I then analysed the number of 15-second intervals in each winter season for which the operation or statutory limits were breached. The results are in the table below. As can be seen, in the past 4 years, there have been c 500 times the upper operational limit was breached, but in 2017 – 2019 the number was higher. The lower limit has tended to be breached less often – 2022 was an outlier with a very high number of breaches. There has also been a consistent trend of lower limit breaches increasing in frequency, which is consistent with falling grid inertia (see chart).
What is also interesting is that Winter 2024 is on track to be one of the worst years for operational limit breaches, despite the fact that so far this winter, grid inertia has actually been increasing.
This fits with the expected picture that the grid is becoming less reliable. It is also interesting that when individual occurrences are inspected, it is more often the case that frequency has drifted outside the operational range rather than suddenly falling out as would be expected from an outage. This is more worrying as it points to a general difficulty in maintaining stable frequency – things will always break and trip, and the grid is designed to deal with that, but these drifts outside the range speak more to a wider reduction in stability versus what is expected.
I looked at the size of frequency variations over 5-second intervals. A 0.3 Hz variation is considered significant in the control room – these are actually quite rare, 0.2 Hz moves are more common, but still not that typical – smaller moves are much more likely, as can be seen from the chart above. There is a small trend of increasing larger jumps, but the numbers are too low for this to be statistically significant. What is interesting is that in the absence of large jumps, the times that frequency moves outside operational limits is more typically due to drift rather than jumps that can be linked to the loss of large units of generation or interconnectors.
Statutory breach, December 2023
According to NESO, the reasons for this event were trips on IFA bipole 1 (1000 MW) and the Cottam CCGT (383 MW). There was a simultaneous, co-incidental outage on the Caithness-Moray HVDC link.
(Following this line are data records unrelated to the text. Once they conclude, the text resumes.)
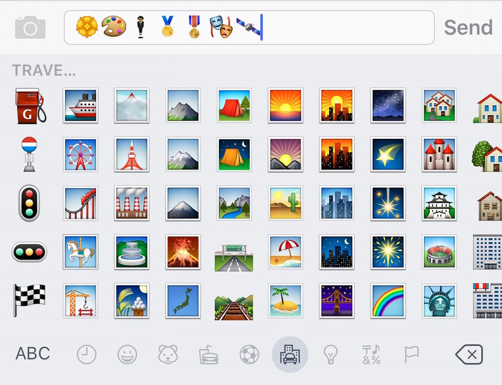 這次幾乎各個類別中都有新增表情符號,此外還新增了方型圖案的表情符號喔。
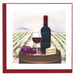 Invite a friend to a wine tasting at the vineyard with our quilled vineyard greeting card. This card perfectly captures the beauty of a vineyard in the summer. The card features a wine barrel in the foreground with a bottle of wine, filled glass, bunch of grapes and a slice of brie cheese on top of it. Behind the quilled elements is a beautiful, printed background of a vineyard landscape.
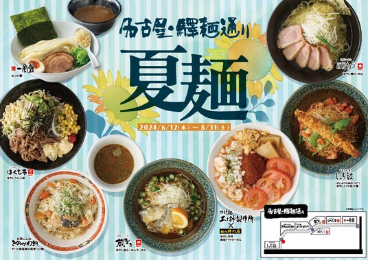 ジェイアール東海フードサービス株式会社(名古屋市/代表取締役:吉村 伸一)は、名古屋驛麺通りにて、6/12(水)~8/31(土)の期間限定で夏麺を販売いたします。今年のテーマは「肉と魚介」。各店が趣向を凝らして考案した、個性豊かならーめんがラインナップ。肉と魚介の風味を味わえる季節限定らーめんをお楽しみいただけます。
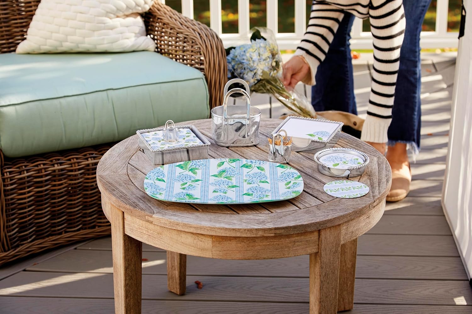 Where floral elegance meets practical sophistication. Add a touch of botanical charm to your entertaining with the Tote Bag Beaded Napkin Box Set. A tote bag napkin weight sits atop of stack of beautiful hydrangea cocktail napkins. Handcrafted from 100% recycled aluminum.
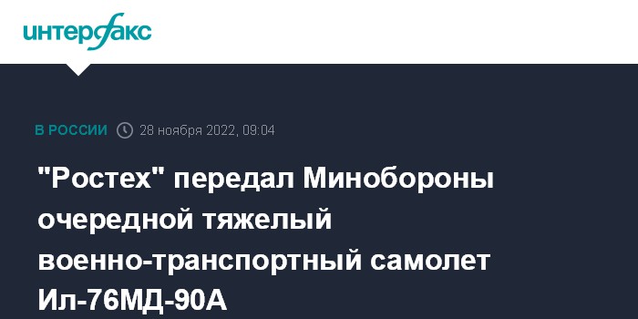 Москва. 28 ноября. INTERFAX.RU - Филиал ПАО "Ил" - Авиастар" (входит в Объединенную авиастроительную корпорацию "Ростеха") изготовил и передал очередной серийный тяжелый военно-транспортный самолет Ил-76МД-90А, построенный в интересах министерства обороны РФ, сообщает Ростех.
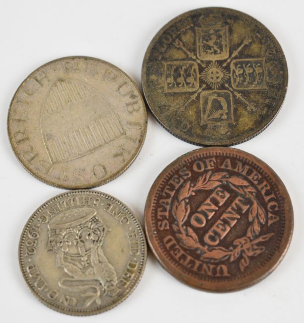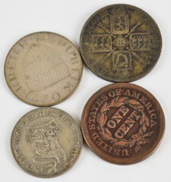 Approximately 227g of pre-1947 British silver coinage from half crown down to 3d, together with a small collection of world coinage including 19th century American, German and Commonwealth

According to the National Electricity Transmission System Performance Report 2023 – 24 there were no reportable frequency excursions in 2023-24.When asked, NESO told me this is because The Electricity Safety, Quality and Continuity Regulations 2002 requires and frequency excursions 1% above or below 50Hz (ie outside 49.5 t0 50.5Hz) that last for 60 seconds or more to be reported. The excursion on 22 December 2023 “only” lasted for 59.3 seconds so just under the 1-minute level. However, when I read the Regulations, I see no mention of a 60 second grace period, and my request for further clarification from NESO has gone un-answered. If any of my readers can shed light on this I would be grateful.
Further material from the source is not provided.